2. Strategy of Orderly Charging with a New Electricity Pricing Scheme
In the case of unordered charging (UC), a greater part of EV users, say 90%, would not recharge their cars until the battery level reduces to the warning value, due to the habit developed from their long-term use of fuel cars. On this occasion, the users have to charge their cars whether the CSs they are heading for are idle or not, or else the EVs would get stuck midway once the battery runs out. Thus, they have to conduct the forced charging action (FCA), which may lead to a lot of EVs entering a certain CS simultaneously and result in long waiting time for the cars as well as congestion in the station. Thus, EVs in FCA help little in adjusting the running state of CSs.

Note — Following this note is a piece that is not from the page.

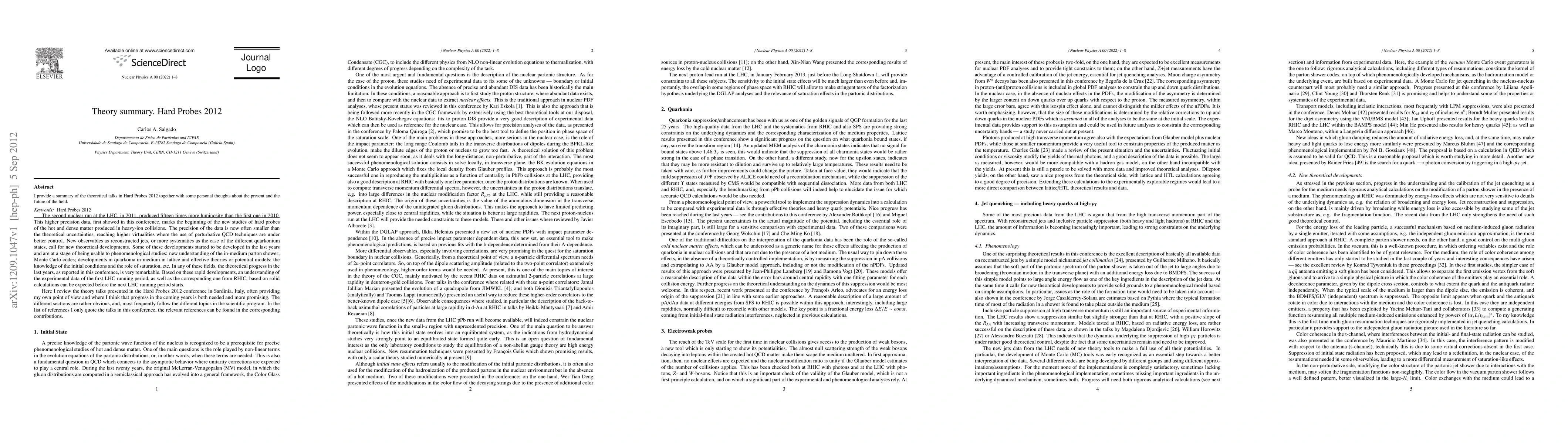 This paper summarizes key theoretical discussions from the Hard Probes 2012 conference, highlighting significant advancements and future directions in the field, along with personal insights from the author.

To effectively adjust interactions between EVs and CSs, it is necessary to guide EVs’ charging in advance by some practically effective economic or technical measures, which constitute the OC strategy in this paper. In the case of OC, on the assumption that 90% of EVs have battery level above the warning value and can make it to the next CS at least, the users can choose to get charged at the next CS to ease the burden of the current station if it is too busy. Since the charging activities of these users are somewhat adjustable and can be regarded as adjustable charging action (ACA), these users could be considered as the main objects to guide. This paper introduces a SOU price that is suitable for charging EVs on expressways after considering CSs’ running states, as shown in
Table 1 (this paper sets α and β to 0.15 and 0.11 based on [
20]).
It can be seen from the characteristics of users’ automatic response to the price incentive [
21] that the new charging price succeeded in motivating users to turn to idle CSs to get charged to some extent. In addition, this pricing scheme guarantees users to enjoy the electricity price agreed before charging during the entire charging period. Since every EV user can perform either FCA or ACA, the new charging price scheme is fair to all EV users.